There is a proverb that states “That which is lacking, cannot be given”. A small company or consumers that are busy surviving cannot take a break and worry about the future and the environment. This issue will then be addressed by a lever switch top-down legislation which of course ticks some boxes but brings no genuine change.
Even if we look at it from Maslow’s model. We see that most people are trying to survive. The average person is not a billionaire CEO practising altruism by giving away a 3B company like Patagonia. Many SMEs are unable to disrupt their way of doing business, unless and until CE adds value to them their brand and income. Not all companies have amassed wealth to magnify and change their systems like Unilever. Even to fund research hailing their good deeds.

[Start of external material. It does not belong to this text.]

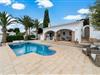 Fritliggende villa med privat swimmingpool og stor veranda med udendørs køkken nær Moraira på Costa Blanca. Villaen har en naya (38 m2), hvor du kan sidde udenfor. Det udendørs køkken har en indbygget grill. Villaen ligger på sin egen lukkede grund på 1230 m2, så du har masser af privatliv. Villaen ligger 800 m fra stranden og 1 km væk kommer du til den tidligere autentiske fiskerby Moraira. Moraira er halvvejs mellem Valencias byer (ca. 110 km) og Alicante (ca. 80 km) og er en livlig fiskerby med dejlige sandstrande og småstenstrande beliggende mellem små bugter. Moraira har mange gode restauranter og har også en havn. Den umiddelbare nærhed er ideel til sportslige aktiviteter som: gå, cykle, golf og endda sejle. I det omkringliggende område er der forskellige golfbaner.

This is where a creative CE practitioner can find ways against all odds to have companies adopt CE practices and persuade managers and owners to think outside the traditional dog-eat-dog business world and apply CE principles incrementally or drastically to their companies.
In conclusion:
Unless and until there is a moral solution and equity, there will never be real solutions, especially preemptive ones that solve problems before major catastrophes. In other words when there are two apes fighting for bananas while one on the top is hoarding all the farms. These two apes will not have the tiniest concern about the health of the labour working on the farm, nor the negative effects of hoarding and mono farming on the planet or future humans. They will also not be worried at all about injustice or inequity, they are busy fighting for that banana and who will get it first. Who is the no.1 ape? Who has more bananas?
The question remains, will the apes stop and sacrifice immediate gains for the good of the whole and under what conditions will the homo-economocus monkey think beyond material financial gain, greed and ego to care for good of others?